A Little Journey to Deep Creek
If any reader of these lines has one or more enemies, he had better thank the stars that he is not a crab for whereas all the world loves a lover, everything that swims or crawls is the enemy of the blue crab. When the mother crab spawns her children sometimes number close to a million and it is estimated that only a hundred have a fair chance to grow to maturity. Man, fish, oysters, cats and even coons are enemies of the crab. And like some of the human species who will get drunk or will fight or will get angry at least provocation, the crab is the enemy of the crab, for the crab eats the members of his own family. The interesting animal known in the scientific world as Calinectes hastatus is a cannibal.
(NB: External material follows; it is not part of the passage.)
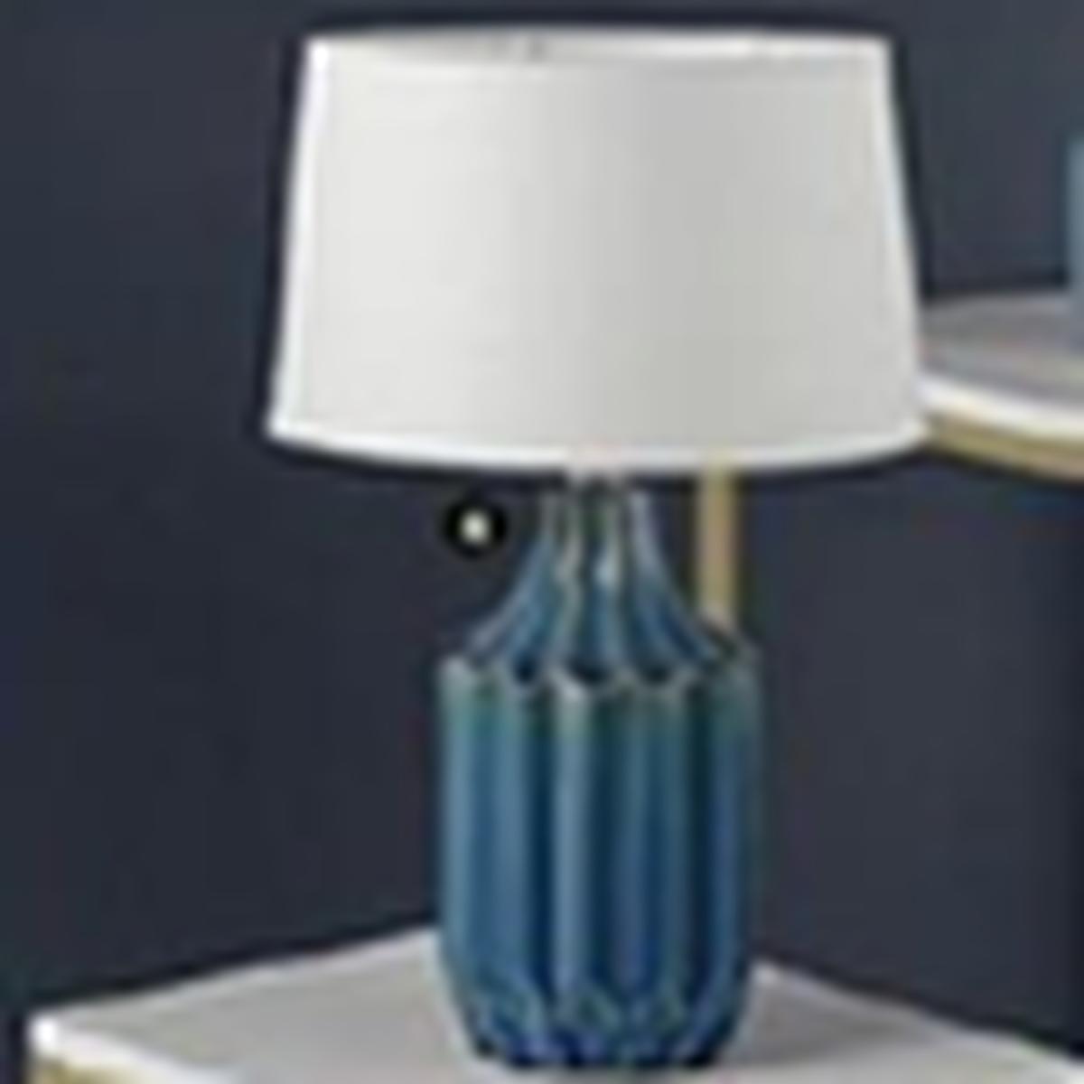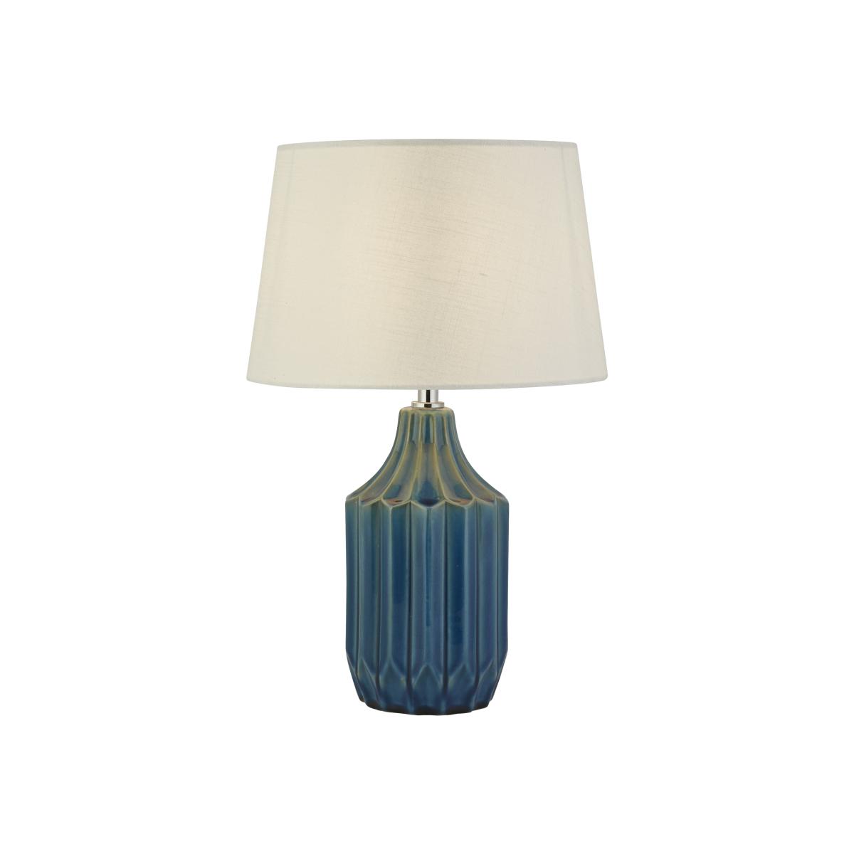 Add an instant pop of colour to any living or bedroom with this stylish table lamp. With a modern textured ceramic base in a bold blue colour way, topped with a contrasting white fabric shade, this lamp will add a contemporary look to any room.

When one looks at the crabs confined in a "crab float" one may witness the indoor sport of one crab eating another crab. Like the fat and lean cows in Pharoah's dream, the crab guilty of eating his own brother does not seem to be any fatter after he is thru eating. Remember, please, that the stomach of a crab is like a boy's stomach, a bottomless pit.
A visit to Deep Creek, Accomac County, Va., reveals several ways of catching brother crab. Some are caught by dragging a "scrape" from a skipjack (the typical sailboat of the Chesapeake Bay with tall masts and a triangular sial that can be reefed at will.) Others are caught closer to the shore by means of a round crab net attached to a long handle and many thousands are caught on a "trot line" some five hundred fathoms long to which about six hundred pieces of tripe are tied for bait.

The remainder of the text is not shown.